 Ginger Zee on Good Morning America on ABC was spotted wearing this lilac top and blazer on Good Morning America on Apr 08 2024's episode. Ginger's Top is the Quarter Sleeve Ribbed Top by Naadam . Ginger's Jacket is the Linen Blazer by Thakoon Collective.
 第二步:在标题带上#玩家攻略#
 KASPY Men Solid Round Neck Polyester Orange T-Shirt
==
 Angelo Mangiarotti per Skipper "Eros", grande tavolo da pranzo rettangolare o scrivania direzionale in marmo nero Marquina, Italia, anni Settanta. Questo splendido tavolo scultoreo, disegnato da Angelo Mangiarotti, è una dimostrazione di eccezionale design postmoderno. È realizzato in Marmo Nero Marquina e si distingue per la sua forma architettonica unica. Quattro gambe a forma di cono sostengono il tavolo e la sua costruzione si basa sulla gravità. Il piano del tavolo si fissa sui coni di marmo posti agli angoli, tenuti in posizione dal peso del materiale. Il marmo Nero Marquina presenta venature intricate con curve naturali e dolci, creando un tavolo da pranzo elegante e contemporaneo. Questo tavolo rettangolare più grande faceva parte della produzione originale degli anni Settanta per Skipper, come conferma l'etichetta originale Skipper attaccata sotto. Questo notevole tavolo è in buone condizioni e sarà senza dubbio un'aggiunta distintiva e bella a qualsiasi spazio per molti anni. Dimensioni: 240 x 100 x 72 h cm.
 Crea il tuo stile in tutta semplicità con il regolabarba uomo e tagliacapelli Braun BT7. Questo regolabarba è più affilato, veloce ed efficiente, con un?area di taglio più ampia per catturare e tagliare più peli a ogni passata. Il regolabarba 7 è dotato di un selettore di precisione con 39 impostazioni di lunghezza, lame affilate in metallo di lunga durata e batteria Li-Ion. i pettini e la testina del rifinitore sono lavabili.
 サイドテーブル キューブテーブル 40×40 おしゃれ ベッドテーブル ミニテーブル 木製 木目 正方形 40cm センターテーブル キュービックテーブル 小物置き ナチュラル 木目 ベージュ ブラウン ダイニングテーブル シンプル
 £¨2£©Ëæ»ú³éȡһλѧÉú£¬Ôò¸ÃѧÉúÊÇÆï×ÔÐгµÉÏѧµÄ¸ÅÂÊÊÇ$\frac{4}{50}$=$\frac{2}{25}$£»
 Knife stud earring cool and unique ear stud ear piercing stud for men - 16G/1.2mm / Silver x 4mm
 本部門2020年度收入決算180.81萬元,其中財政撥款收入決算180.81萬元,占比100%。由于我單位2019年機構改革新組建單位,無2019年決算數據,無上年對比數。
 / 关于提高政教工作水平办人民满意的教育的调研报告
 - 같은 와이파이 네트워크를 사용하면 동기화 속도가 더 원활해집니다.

TASK PROMPT: Everything above from the line with "Ginger Zee on" to the line with "KASPY Men Solid Round", both included, must be repeated exactly, and nothing outside that range.

ANSWER FOR THIS EXERCISE:
 Ginger Zee on Good Morning America on ABC was spotted wearing this lilac top and blazer on Good Morning America on Apr 08 2024's episode. Ginger's Top is the Quarter Sleeve Ribbed Top by Naadam . Ginger's Jacket is the Linen Blazer by Thakoon Collective.
 第二步:在标题带上#玩家攻略#
 KASPY Men Solid Round Neck Polyester Orange T-Shirt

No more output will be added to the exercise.